Estima-se que mais de 22 milhões de brasileiros tenham apostado online apenas no último mês, movimentando cifras que variam de R$ 100 a R$ 3 mil por pessoa, dependendo da faixa etária.
“O Tigre representa um risco visível, mas passageiro. Já o Leão é silencioso e persistente. Quando o Estado falha em criar condições para que o cidadão evolua com seu trabalho, ele acaba empurrado para alternativas instáveis”, conclui a presidente da Federação.
Regulação em andamento
Apesar dos problemas, a regulamentação do setor começou a avançar. Desde janeiro, apenas empresas com autorização do Ministério da Fazenda e domínio .bet.br podem operar legalmente no Brasil.
Além disso, todas devem estar cadastradas na plataforma Consumidor.gov.br, como forma de ampliar a proteção aos apostadores.

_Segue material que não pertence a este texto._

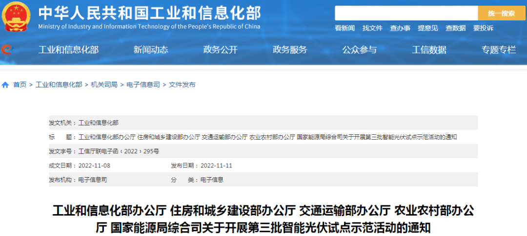 為進(jìn)一步促進(jìn)光伏產(chǎn)業(yè)與新一代信息技術(shù)深度融合,推動(dòng)智能光伏技術(shù)進(jìn)步和行業(yè)應(yīng)用,根據(jù)《智能光伏產(chǎn)業(yè)創(chuàng)新發(fā)展行動(dòng)計(jì)劃(2021—2025年)》(工信部聯(lián)電子〔2021〕226號)工作部署,工業(yè)和信息化部、住房和城鄉(xiāng)建設(shè)部、交通運(yùn)輸部、農(nóng)業(yè)農(nóng)村部、國家能源局決定組織開展第三批智能光伏試點(diǎn)示范活動(dòng)。有關(guān)事項(xiàng)通知如下: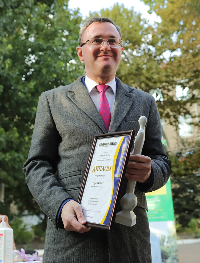 Диплом и статуэтка «Садовник» вручена директору одесского лицея №9 Сергею Копачу. Лауреат конкурса «Люди дела» прошел все ступени работы в школе — учитель, завуч, директор, но учиться не перестает. Сергей Копач — реформатор, стремящийся вывести процесс обучения в школе на новый уровень.

Um acordo de cooperação técnica entre a SPA (Secretaria de Prêmios e Apostas) e a Senacon prevê ainda ações conjuntas de fiscalização e educação financeira, incluindo a produção de materiais de orientação tanto para consumidores quanto para órgãos de defesa.
“O objetivo é criar um mercado mais seguro e transparente, capaz de prevenir abusos e garantir que os apostadores tenham seus direitos respeitados”, afirma o secretário de Prêmios e Apostas, Regis Dudena.
O que fazer em caso de abuso
O Procon-MS orienta que consumidores desconfiem de bônus excessivos, leiam com atenção os termos de uso e não usem apostas como fonte de renda. Em caso de dúvidas ou reclamações, os canais oficiais de atendimento são: Disque Procon 151, aplicativo MS Digital e site www.procon.ms.gov.br.